▸ **DATA SEGMENT**:

________________

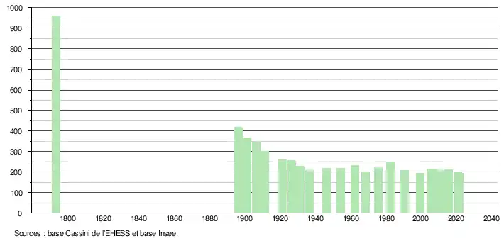 L'évolution du nombre d'habitants est connue à travers les recensements de la population effectués dans la commune depuis 1793. Pour les communes de moins de 10 000 habitants, une enquête de recensement portant sur toute la population est réalisée tous les cinq ans, les populations légales des années intermédiaires étant quant à elles estimées par interpolation ou extrapolation[26]. Pour la commune, le premier recensement exhaustif entrant dans le cadre du nouveau dispositif a été réalisé en 2005[27].
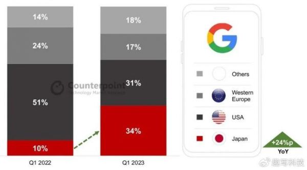 所以,配合上面的本土化营销,Pixel在日本的销量可谓是节节攀升,两年的时间直接翻了3倍,并且Pixel看起来增长势头不减,应该很快就会威胁到苹果iPhone在高端手机市场的地位了。
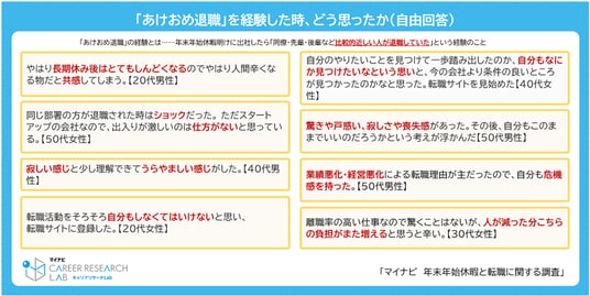 また、「あけおめ退職」を経験した際の感情について聞いたところ、「寂しい」「ショック」「驚き」といった感情に加え、「退職」という行動に対する共感や、「今よりも良い条件の職場を見つけている」「将来を考えて行動している」といった羨望に近い気持ちを示す回答も見られた。

________________

Would you set down each line of the data exactly, with no images included?

▸ **ANSWER SPACE**:
 L'évolution du nombre d'habitants est connue à travers les recensements de la population effectués dans la commune depuis 1793. Pour les communes de moins de 10 000 habitants, une enquête de recensement portant sur toute la population est réalisée tous les cinq ans, les populations légales des années intermédiaires étant quant à elles estimées par interpolation ou extrapolation[26]. Pour la commune, le premier recensement exhaustif entrant dans le cadre du nouveau dispositif a été réalisé en 2005[27].
 所以,配合上面的本土化营销,Pixel在日本的销量可谓是节节攀升,两年的时间直接翻了3倍,并且Pixel看起来增长势头不减,应该很快就会威胁到苹果iPhone在高端手机市场的地位了。
 また、「あけおめ退職」を経験した際の感情について聞いたところ、「寂しい」「ショック」「驚き」といった感情に加え、「退職」という行動に対する共感や、「今よりも良い条件の職場を見つけている」「将来を考えて行動している」といった羨望に近い気持ちを示す回答も見られた。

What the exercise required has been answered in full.